Из смешного в ней было коверканье слов — «Видали вы, Михаил Алексеич, как Александру III задик почистили» и определение мужской внешности по одной части. «Еврейский зад, висящий зад». О К. Фейдте в «Инд<ийской> гробнице»{26}
: «Конечно, Olga, он гениальный артист. Но… сухой зад, совсем Аугуст Карлыч Шмидт».Она не любила немцев и во время войны чуть не дралась с братом из-за того, кто лучше, немцы или русские. Он обожал немцев.
Ее брат Карл Ив<анович> был высоким мужчиной с несколько монгольским лицом, загорелый, очень прямой. Он был садовником, обожал свое дело, был гордого и независимого нрава. Помню в детстве, когда он служил в Шуваловском парке, у него одно время жила Alte Frau; перед ее домиком была клумба с настурциями.
Долго он оставался старым холостяком, женился незадолго до смерти A
После революции К<арл> Ив<анович> спас младшего Хол<одовского>, Дм<итрия> Ив<ановича>, а его самого спасли бабы. Три дня он ждал смерти, сидя в подвале. Мне кажется, что он после этого стал немного странным. Служил он по-прежнему по своей части, в Сумах или в окрестностях. Незадолго до смерти он бывал у нас в Ленинграде. Меня он очень любил. Когда он садился в вагон, неловко попрощавшись с Линцей и со мной, у меня было тяжелое предчувствие. Смерть его была какая-то темная, — не знаю подробностей, но чудится что-то вроде тургеневского Дон-Кихота.

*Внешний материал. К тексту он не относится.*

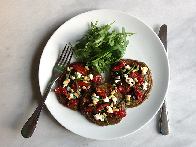 Serve hot, topped with the goat’s cheese, sun blushed tomatoes and pine nuts.

Он плохо говорил по-русски, любил прихвастнуть: «Я, Лина, правильно, а ты не правильно». У него была известная тупость, чванливость — будь он в Германии, он мог бы стать адептом Гитлера в обожании всего немецкого, — но чувство долга истинно рыцарское, верность друзьям, чувство благодарности, стойкость, большое благородство. Его жена Е<лизавета> С<еменовна> — латышка, без романтичности мужа, но зато обладавшая здравым смыслом и юмором — прекрасная хозяйка, очень сдержанная, рассудительная, легкая в быту. Я удивлялась, как можно с ней поссориться. Она обожала дочь и тоже сильно изменилась после революции. Немного сводила счеты со старым мужем, который, влюбляясь в каких-то прелестных юрьевских дамочек в молодости, «женился по расчету» и не скрывал от жены этого; впоследствии у нее была какая-то мстительность в его отношении. Линца скверно поступила и с нею, уехав в Лен<ингра>д, оставив мать при смерти.
Что сталось с их могилами, я не знаю. Вспоминаю сумские кладбища — одно со светло-зеленой рощей — на окраине; другое — скалистое, с обвалами песка, в другом конце города.

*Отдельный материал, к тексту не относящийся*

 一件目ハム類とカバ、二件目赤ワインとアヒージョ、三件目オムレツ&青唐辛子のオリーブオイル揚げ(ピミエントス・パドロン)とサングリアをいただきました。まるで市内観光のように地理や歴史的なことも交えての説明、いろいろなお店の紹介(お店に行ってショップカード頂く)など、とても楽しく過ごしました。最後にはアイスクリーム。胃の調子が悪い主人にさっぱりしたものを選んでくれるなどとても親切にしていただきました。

Когда я была в Сумах в 1927 г., Линца с подругами играли, напевая песенку: «Давай, коза, попрыгаем, попрыгаем, попрыгаем, печаль-тоску размыкаем, размыкаем, размыкаем»…
Там я написала маслом картину на фанерке — одну из своих лучших — две девочки во дворе — называлась она: «Давай, коза, попрыгаем»…
Л<ина> Ив<ановна> в юности обожала Северского. Помню, как она пела — «Я цыганский барон», «Колокольчик однозвучный», декламировала, коверкая слова, стихи Никитина и «Господь с тобой»{28}
.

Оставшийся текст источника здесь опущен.